▶ [Instructions for the task] Without including any images, please transcribe all the lines below exactly.

▶ [Stored data]
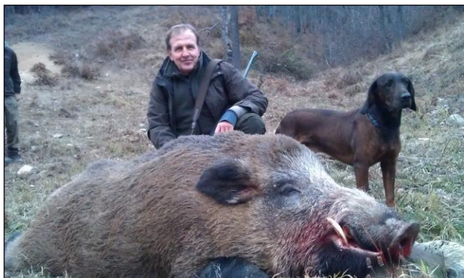
„Dank des treuen Schweißhundes, wurde dieser Brocken gefunden!“
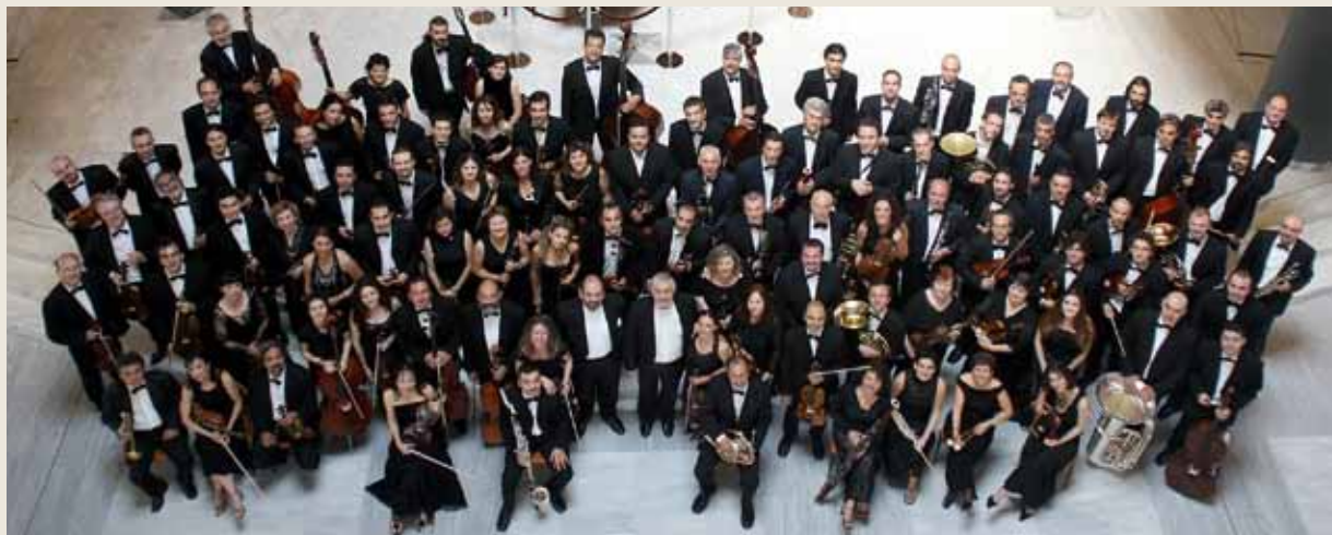
Η Κρατική Ορχήστρα Θεσσαλονίκης σε μία πρόσφατη φωτογραφία της.

λης», ένας θησαυρός που καλούνται όλοι οι Θεσσαλονικείς να γνωρίσουν και μαζί να γευτούν τη ζωντανή ποιοτική μουσική. Όχι όμως σαν ένα μουσειακό έκθεμα. «Τα αριστουργήματα της συμφωνικής μουσικής μπορούν να γίνουν μια καλή συντροφιά, ένα ζωντανό ποίημα, ένα πολύχρωμο όνειρο, ένα ταξίδι...».

▶ [Answer below]
„Dank des treuen Schweißhundes, wurde dieser Brocken gefunden!“
Η Κρατική Ορχήστρα Θεσσαλονίκης σε μία πρόσφατη φωτογραφία της.

λης», ένας θησαυρός που καλούνται όλοι οι Θεσσαλονικείς να γνωρίσουν και μαζί να γευτούν τη ζωντανή ποιοτική μουσική. Όχι όμως σαν ένα μουσειακό έκθεμα. «Τα αριστουργήματα της συμφωνικής μουσικής μπορούν να γίνουν μια καλή συντροφιά, ένα ζωντανό ποίημα, ένα πολύχρωμο όνειρο, ένα ταξίδι...».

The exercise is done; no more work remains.